_WHAT THIS TASK INVOLVES_
Omit all pictures. Print the remaining lines exactly, from the start of the data through the line containing "E-Tourneo združuje SUV-elemente".

_DATA IN THIS EXERCISE_
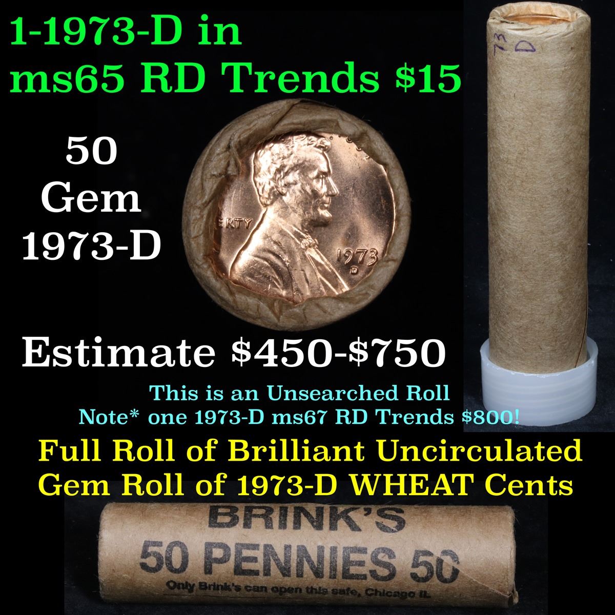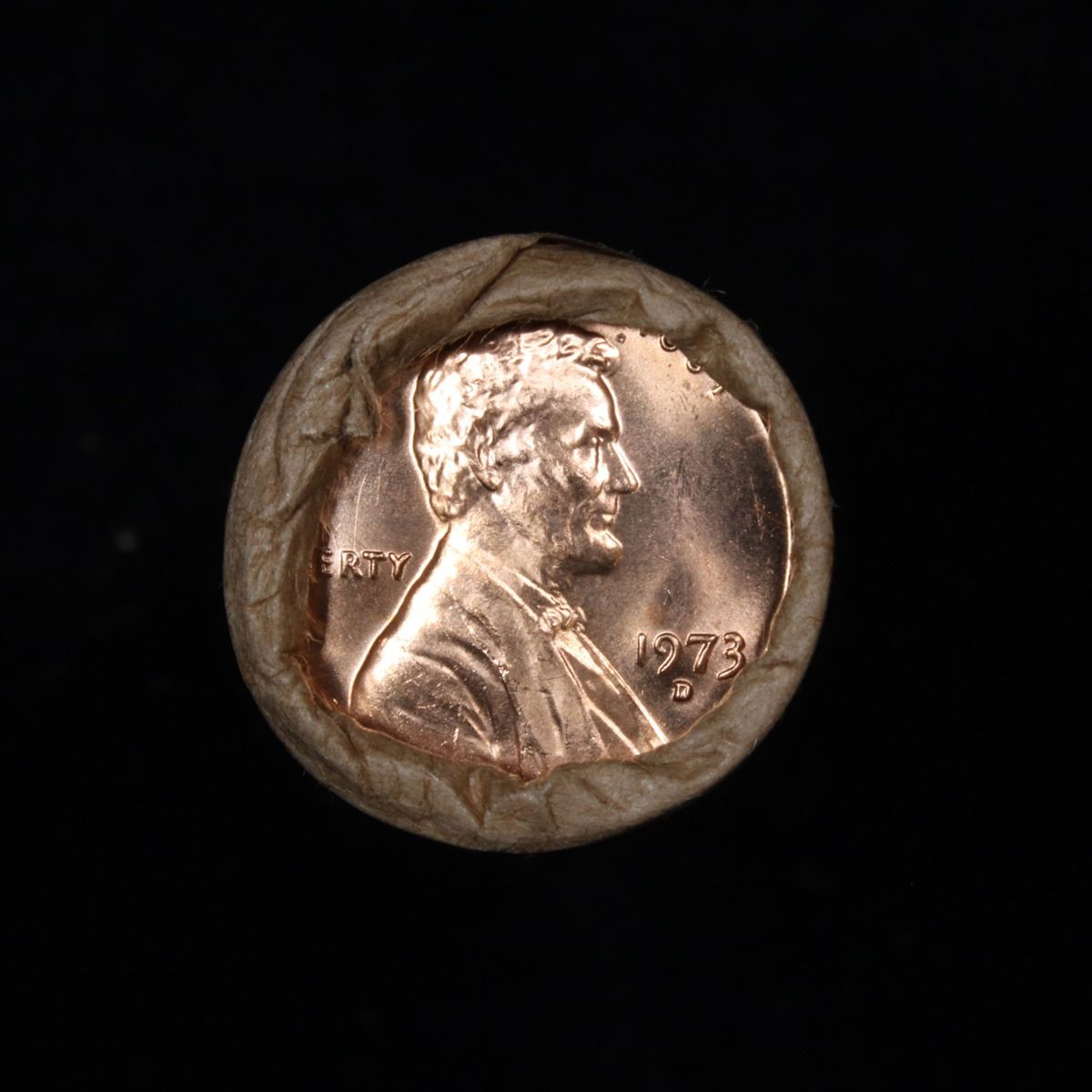 ***Auction Highlight*** Uncirculated 1c orig shotgun roll, 1973-d In Old Brinks wrapper (fc)
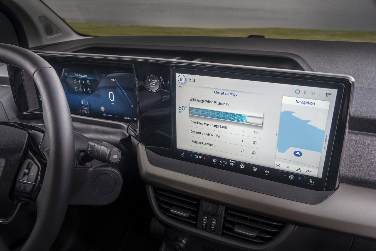 E-Tourneo združuje SUV-elemente z napredno tehnologijo in vsakodnevno praktičnostjo. V notranjosti izstopa kvadratasti volan z ravnim spodnjim delom za večje udobje, vozniški zaslon velikosti 12” in 12” zaslon na dotik s sistemom SYNC 4 omogočata brezžično povezljivost in posodobitve.
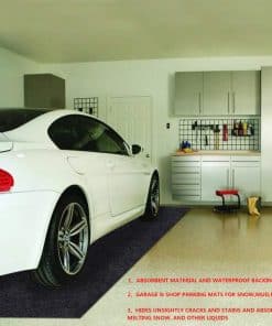 Usos Versátiles: Cuando necesitas reparar o arreglar un auto, el tapete para piso de garaje puede ser una excelente elección. El tapete para piso de garaje se puede adherir al piso debajo de un auto, ya sea en un campo exterior, en casa o en cualquier otro estacionamiento. Excelente Protección: El tapete para piso de garaje está hecho de tela de fieltro que puede absorber agua, aceite u otro líquido. La tela en la parte superior del tapete puede prevenir que el piso se ensucie, se manche o se llene de lodo, y la membrana en la parte posterior del tapete puede prevenir que el agua, el aceite, la nieve u otro líquido se filtre a través de la parte posterior del tapete. Fácil de usar: El tapete para piso de garaje está construido con una membrana impermeable en la parte posterior que permite adherirse al piso fácilmente y mantenerse en su lugar. Cuando se necesita guardar el tapete, simplemente retírelo del piso y enróllelo. El tapete para piso es lavable y se puede limpiar fácilmente con mangueras o limpiadores similares. Durabilidad: El tapete para piso de garaje está hecho de tela de fieltro de alta calidad con una estructura compacta. La tela de estructura compacta está cubierta con una membrana impermeable, tal diseño garantiza características resistentes a desgarros y al desgaste. Alta Adaptabilidad: 252 pulgadas x 91 pulgadas es lo suficientemente grande para adaptarse a la mayoría de estacionamientos de autos.
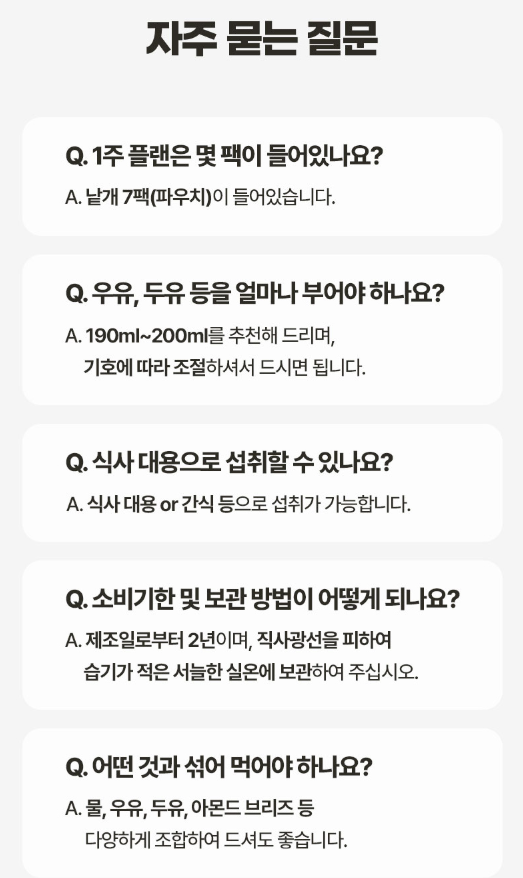 - 씹는 즐거움 부족:액체 형태라 씹는 재미가 없어서 가끔은 씹는 음식이 그리웠어요
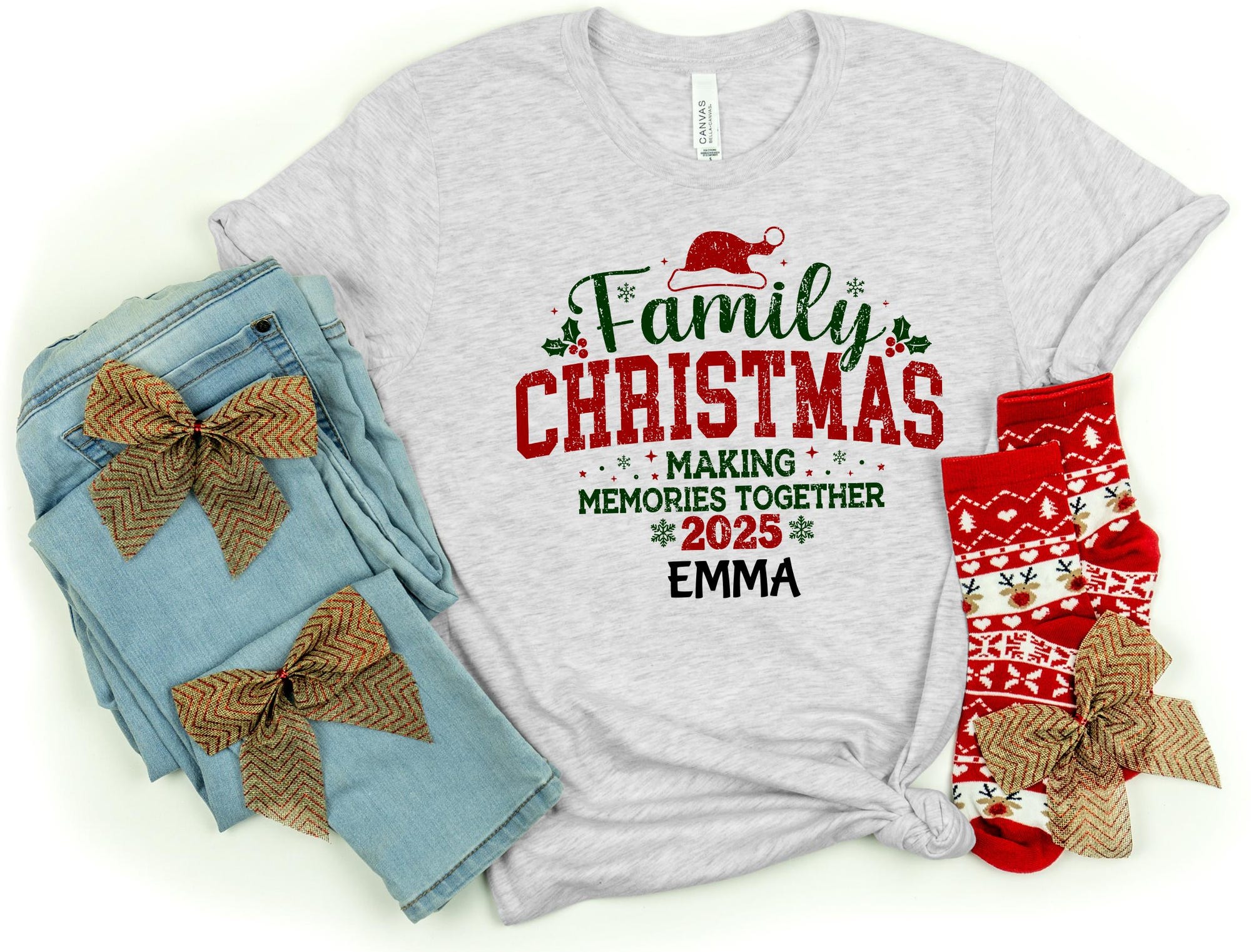 Custom Family Christmas Group T-Shirts: Holiday Familia Pajamas Tees, Family Crew 2025 Shirts

_SOLUTION TO THIS TASK_
 ***Auction Highlight*** Uncirculated 1c orig shotgun roll, 1973-d In Old Brinks wrapper (fc)
 E-Tourneo združuje SUV-elemente z napredno tehnologijo in vsakodnevno praktičnostjo. V notranjosti izstopa kvadratasti volan z ravnim spodnjim delom za večje udobje, vozniški zaslon velikosti 12” in 12” zaslon na dotik s sistemom SYNC 4 omogočata brezžično povezljivost in posodobitve.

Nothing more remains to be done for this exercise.